内存测试Stream程序分析(一)--基本参数
2015-07-16 10:11
176 查看
Stream测试是内存测试中业界公认的内存带宽性能测试基准工具。作为一个服务器工程师在衡量和评比服务器的性能时,该如何从简单的一个源码使之编译成适合自己的可用的测试工具呢?让我们一起来学习这个基本过程吧。
首先我们看一下Linux下最简单的编译过程:
点击(此处)折叠或打开
gcc -O stream.c -o stream.o
上述的编译使用了程序和编译器的默认参数,生成的stream.o即可执行,执行结果如下:
点击(此处)折叠或打开
# ./stream.o
-------------------------------------------------------------
STREAM version $Revision: 5.10 $
-------------------------------------------------------------
This system uses 8 bytes per array element.
-------------------------------------------------------------
Array size = 45000000 (elements), Offset = 0 (elements)
Memory per array = 343.3 MiB (= 0.3 GiB).
Total memory required = 1030.0 MiB (= 1.0 GiB).
Each kernel will be executed 10 times.
The *best* time for each kernel (excluding the first iteration)
will be used to compute the reported bandwidth.
-------------------------------------------------------------
Your clock granularity/precision appears to be 1 microseconds.
Each test below will take on the order of 122074 microseconds.
(= 122074 clock ticks)
Increase the size of the arrays if this shows that
you are not getting at least 20 clock ticks per test.
-------------------------------------------------------------
WARNING -- The above is only a rough guideline.
For best results, please be sure you know the
precision of your system timer.
-------------------------------------------------------------
Function Best Rate MB/s Avg time Min time Max time
Copy: 5376.3 0.134082 0.133922 0.134222
Scale: 5139.4 0.140465 0.140093 0.140754
Add: 5680.4 0.190304 0.190128 0.190547
Triad: 5476.8 0.197417 0.197195 0.197598
-------------------------------------------------------------
Solution Validates: avg error less than 1.000000e-13 on all three arrays
-------------------------------------------------------------
以上测试结果是在Intel(R) Xeon(R) CPU E5-2640 0 @ 2.50GHz 6Cores CPU及1333MHz*8的内存。
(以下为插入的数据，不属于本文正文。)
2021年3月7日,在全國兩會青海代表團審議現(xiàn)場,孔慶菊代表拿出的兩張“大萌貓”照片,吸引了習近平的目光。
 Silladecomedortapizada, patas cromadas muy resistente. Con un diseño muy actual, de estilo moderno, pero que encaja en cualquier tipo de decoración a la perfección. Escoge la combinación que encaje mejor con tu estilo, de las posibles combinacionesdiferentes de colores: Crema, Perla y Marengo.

以上测试中主要的影响结果的默认值为单线程,Array
size = 45000000。以下是源文件全部可以定义的参数。
点击(此处)折叠或打开
#ifdef _OPENMP 定义开启多处理器运行环境,
extern int omp_get_num_threads();
#endif
#ifndef STREAM_ARRAY_SIZE 定义计算的数组大小(成员个数)
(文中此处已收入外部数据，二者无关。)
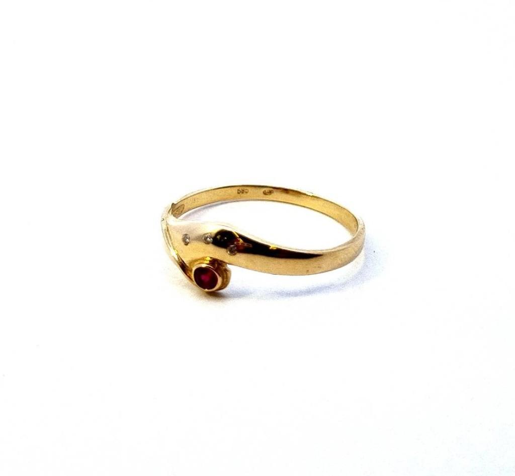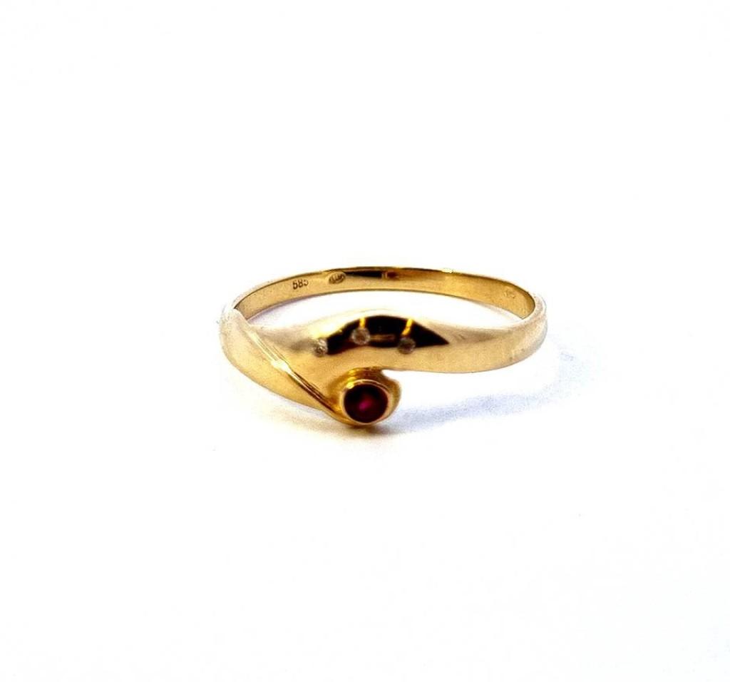 Zlatý prsten o ryzosti 585/1000, punc labuť. Velikost 57, váha 1,69 g, v nejširším bodě 7 mm. Kameny jsou syntetické.

# define STREAM_ARRAY_SIZE 45000000
#endif
#ifdef NTIMES 定义值非法时,若定义计算次数,10
#if NTIMES<=1
# define NTIMES 10
#endif
#endif
#ifndef NTIMES 若定义计算次数,10
# define NTIMES 10
#endif
#ifndef OFFSET 定义数组偏移量
# define OFFSET 0
#endif
#ifndef STREAM_TYPE 定义数组为双精度,64bit,8Bytes
#define STREAM_TYPE double
#endif
以上参数是源码中的预定义参数,也可以在编译或运行时动态指定。 为方便理解,下面展示以下我编译的多核多内存机器的编译方法
gcc -mtune=native -march=native -O3 -mcmodel=medium -fopenmp -DSTREAM_ARRAY_SIZE=100000000 -DNTIMES=30 -DOFFSET=4096 stream.c -o stream.o
解释:
-mtune=native -march=native; 针对CPU指令的优化,此处由于编译机即运行机器。故采用native的优化方法。更多编译器对CPU的优化参考:http://gcc.gnu.org/onlinedocs/gcc-4.5.3/gcc/i386-and-x86_002d64-Options.html
-O3
; 编译器编译优化级别;
-mcmodel=medium
;当单个Memory Array Size 大于2GB时需要设置此参数。
-fopenmp;
适应多处理器环境;开启后,程序默认线程为CPU线程数,也可以运行时也可以动态指定运行的进程数 :export
OMP_NUM_THREADS=12 #12为自定义的要使用的处理器
-DSTREAM_ARRAY_SIZE=100000000;指定计算中a[],b[],c[]数组的大小,
-DNTIMES=30
;执行的次数,并且从这些结果中选最优值。
-DOFFSET=4096 ;数组的偏移,一般可以不定义。
其中STREAM_ARRAY_SIZE对测试结果影响较大,源码中也为数组大小的选取进行了经验说明。
点击(此处)折叠或打开
You should adjust the value of 'STREAM_ARRAY_SIZE' (below)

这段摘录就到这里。